図 24.泥干潟の研究に不可欠なアイテム。長靴,スコップとベイトポンプ,それに大量の水。車はガッツレンタカーで借りた。1 日 2,000 円。保険がつかないと言われたが,岡山で使っている車の保険(損保ジャパン)が使用できることがわかり,不測の事態に備えることができた。

4.あとがき
学問は個人の興味に加えて,個人の体力的,社会的制約に応じていろいろなやり方があると思う。私の場合には,興味としては,日本列島の泥干潟に生息するアナジャコ類(十脚甲殻類)が,いつ頃どんな祖先から,どのような経過を経て進化したかを知りたい。また,私は十脚甲殻類の生息する泥干潟(mud-tidal
flat)の環境特性と形成機構にも興味がある。
 文献を調べてみると,泥干潟の環境特性については,海洋汚染(特に富栄養化)との関係で,精力的に研究が進められているようだ。一方,干潟に生息するアナジャコ類に関しては,日本列島にどんな種類のアナジャコ類が分布しているのか,まだよくわかっていないといったところだろう。

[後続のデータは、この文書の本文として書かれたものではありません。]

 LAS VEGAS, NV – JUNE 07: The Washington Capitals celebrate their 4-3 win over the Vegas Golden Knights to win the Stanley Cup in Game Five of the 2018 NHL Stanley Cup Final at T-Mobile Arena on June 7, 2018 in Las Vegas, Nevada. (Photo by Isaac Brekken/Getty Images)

 日本の研究は,分類学者にしても生態学者にしても,研究者個人の視野が極端に狭いため,幅が広がらない。個人の人間関係が悪いと,研究の行く先は,結局は個人の政治力を背景にした縄張り争い,派閥争い,利権争いにつながって行く。太平洋戦争中の軍隊組織の考え方からあまり変わっていないのだろう。

<誤審だらけの生物科学論文の review>
 珍しいアナジャコが捕れたという断片的な記録はあるが,実際に分布しているのか不明なケースが多い。しかも,採集者も不明なケースはたくさんあるだろう。仮に採集者がわかったところで,間違った採集場所が記録されていることもある。分類学者は証拠として標本のスケッチを描くが,私には理解できない基準
(standard)で形態を描画するため,これがその種だといわれても「そうですかね?」としか答えようがない。さらに,種の判定は比較によって可能になるが,比較対照としてのコントロールがない。私のような素人にとって,分類学は疑惑だらけの学問である。種の判別(discrimination)に職人技だけで挑む時代は,もう限界にきているのではないだろうか?

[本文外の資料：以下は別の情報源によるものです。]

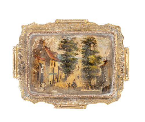 1. Broche S. XIX con paisaje centroeuropeo, con marco en oro bajo decorado con formas vegetales grabadas
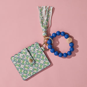 Designed with vibrant silicone beads and a chic hexagonal wood accent bracelet, this wristlet wallet is as stylish as it is practical. Crafted to hold your essential accessories such as credit cards, ID, and keys, it ensures you have everything you need right at your fingertips.

 生物の分類に関して,どんなに造詣の深い専門家に尋ねても,結局わからずじまいになることが多い。そして,後にはいつも感情的なしこりが残る。感情的なしこりが残るのは,分類学に限らない。自然科学のどの研究分野でも同じである。共同研究が難しいのはここに原因がある。研究の国際的競争力を高めるには,共同研究を行いやすい環境(人事体制)を作る必要があるだろう。

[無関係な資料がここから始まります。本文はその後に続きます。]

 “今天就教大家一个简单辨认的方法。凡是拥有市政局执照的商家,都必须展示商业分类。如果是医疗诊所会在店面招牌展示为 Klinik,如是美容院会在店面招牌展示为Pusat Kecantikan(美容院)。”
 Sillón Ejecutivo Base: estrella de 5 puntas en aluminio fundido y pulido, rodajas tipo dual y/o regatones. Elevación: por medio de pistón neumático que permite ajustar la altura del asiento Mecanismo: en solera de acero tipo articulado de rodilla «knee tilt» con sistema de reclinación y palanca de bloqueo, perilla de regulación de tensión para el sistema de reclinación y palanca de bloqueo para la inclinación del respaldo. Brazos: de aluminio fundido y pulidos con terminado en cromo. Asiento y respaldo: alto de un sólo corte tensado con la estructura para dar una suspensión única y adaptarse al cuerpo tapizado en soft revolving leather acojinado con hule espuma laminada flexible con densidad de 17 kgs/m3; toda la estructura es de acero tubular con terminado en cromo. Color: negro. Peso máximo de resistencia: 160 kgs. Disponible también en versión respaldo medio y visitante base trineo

 世界的な専門家を自認する人と話すと,おかしなことを言っているなと感じるケースも多い。私と同じように感じる人たちは,世界中にたくさんいると思う。そして,私のような不届き者を封じ込めるために,社会の中に「権威」が導入されているのだろう。しかし,人は感情によって動く動物である。強力な権威をも
ってしても,争いごとは簡単に収まるようには思えない。

<結論>
 多くの人たちは権威に頼って研究を進めると思う。権威のお墨付きがあれば,論文は出しやすい。しかし,私のような不心得者は,権威に頼っていては研究が進まない。現地に行って泥干潟の環境を調査し,生息する十脚甲殻類を採集し,形態を詳しく見てみたい。私は,生態学者に記述的なデータは意味がないと言われても気にしないだろう。生態学者のように,水増し仮説で勝負するのではなく,実証的な証拠に基づいた仮説で勝負したい。
 幸いなことに,私は自然を見るのが好きである。・・・が,体力は,若いころに比べれば相当落ちている。一方,若いころはレンタカーでフィールドを巡ることなど不可能であったが,今はそれができる。宿泊する研究施設も大学院生のころに比べて格段に快適である。記述的(実証的)なデータをたくさん取って,できるだけ多くの検証可能な仮説をパブリッシュしたい。仮説を実証するために研究するのではなく,できるだけ多くの経験的なデータに基づいて仮説を立て,それを可能な限り実証的手段により検証することで,より本当の自然の姿を理解できるだろう。

図 25.塩屋湾におけるアナジャコ類の採集。
 泥干潟のすぐ近くに休憩所があった。干潟に飲み水を持って行くと,高温になる。水とカメラは日陰において,スコップとベイトポンプのみ持って行って採集した。
 また,雷が近くなってきたら,休憩所のようなところに避難できるとよいが,海岸だと岸に上がって,低いところに身を隠すぐらいしか方法がない。海岸が崖になっているところは,雷と同時に落石にも十分な注意が必要である。
 私は自然を見るのが好きだが,車や船に乗って遠くから眺めるだけでは面白くない。生物の生息場所に行き,泥だらけになって採集できたりすると,大きな満足感が得られる。今まで長くやってきた昆虫採集の影響だろうか?昆虫の方は,写真は撮りたいが,標本は要らない。